Ronald L. Mize is currently Assistant Professor of Latino Studies and Development Sociology at Cornell University. He was the main Principal Investigator, from 2000 to 2004, for the CSU-San Marcos-San Diego Head Start Higher Education Partnership funded by the DHHS-Administration on Children Youth and Families. He has previously taught sociology, ethnic studies, and history at University of Saint Francis-Fort Wayne, CSU-San Marcos, University of California San Diego, Southwestern College, Colorado State University, and University of Wisconsin Rock County. His research is on the historical and contemporary lived experiences of Chicano/a and Mexican immigrant communities. He has published in Latino Studies Journal, Cleveland State Law Review, Ambulatory Pediatrics, Contemporary Sociology, Rural Sociology and several encyclopedias. He is currently working on two manuscripts: the first on the US-Mexico Bracero Program as recollected by former contract workers and the second, a history of the US consumption of Mexican immigrant labor from 1942 to the present (with Alicia Swords and Chris Zepeda).

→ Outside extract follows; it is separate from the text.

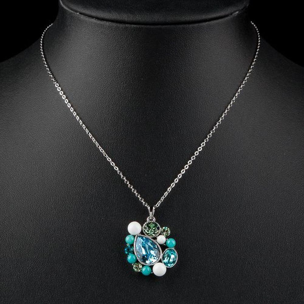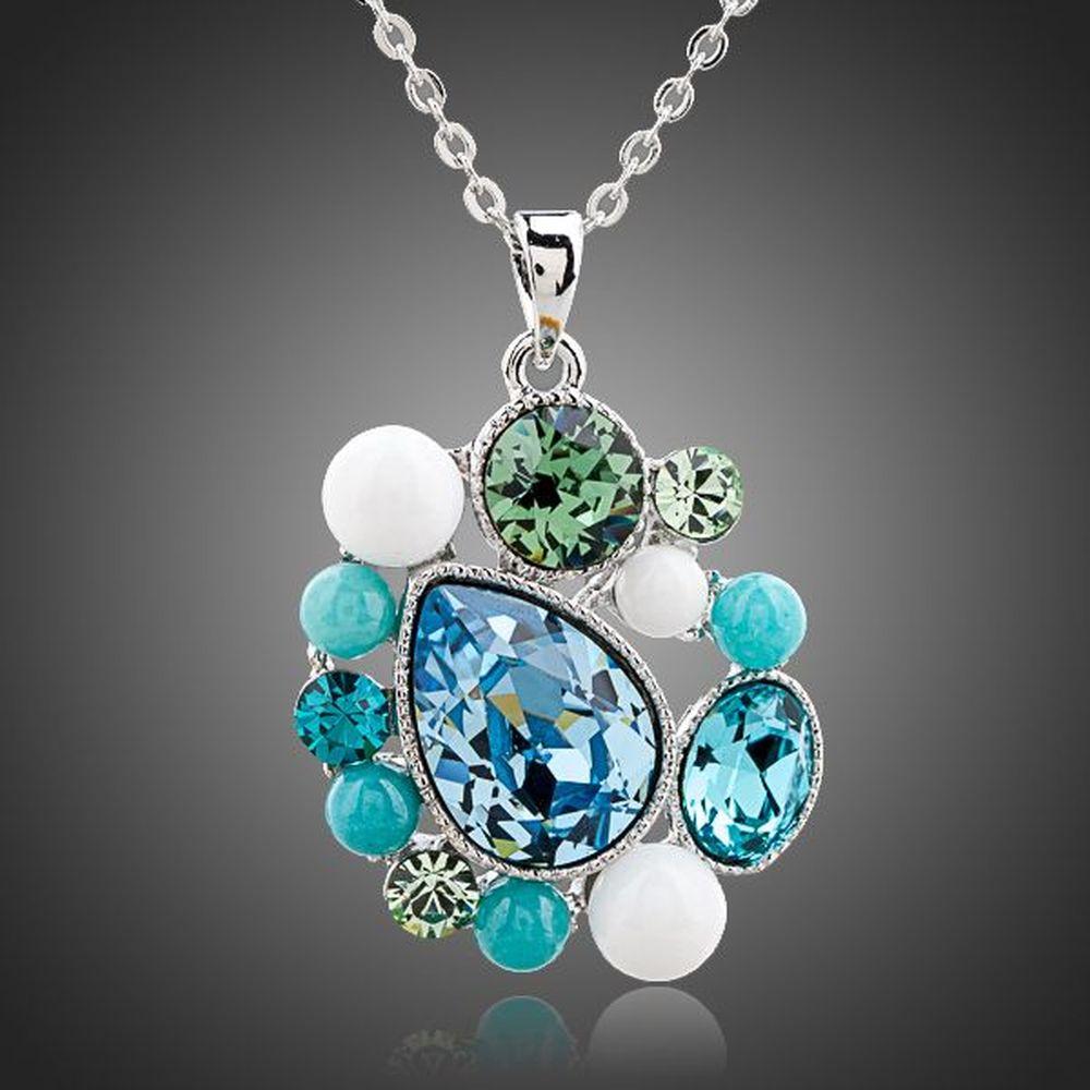 Blue Tear Drop Stellux Austrian Crystal Necklace KPN0104

Mize's scholarly research focuses on the historical origins of racial and class oppression in the lives of Mexicano/as residing in the United States. Due to the reliance on Mexican labor in the rural industries of agriculture, mining, and railroad construction, his historical research explores the class and race formations of Anglo-Chicano relations as they relate to these sectors of rural spaces and the economy. He investigates the degree to which contemporary immigrant labor is informed by the history of Mexican incorporation into the rural United States. Mize seeks to understand the underlying assumptions about nation, race, identity, gender and class in how the public forms our opinions about immigration and part of his hope is to carve out a new paradigm for understanding both the political economy and culture of immigration as well as its interconnections.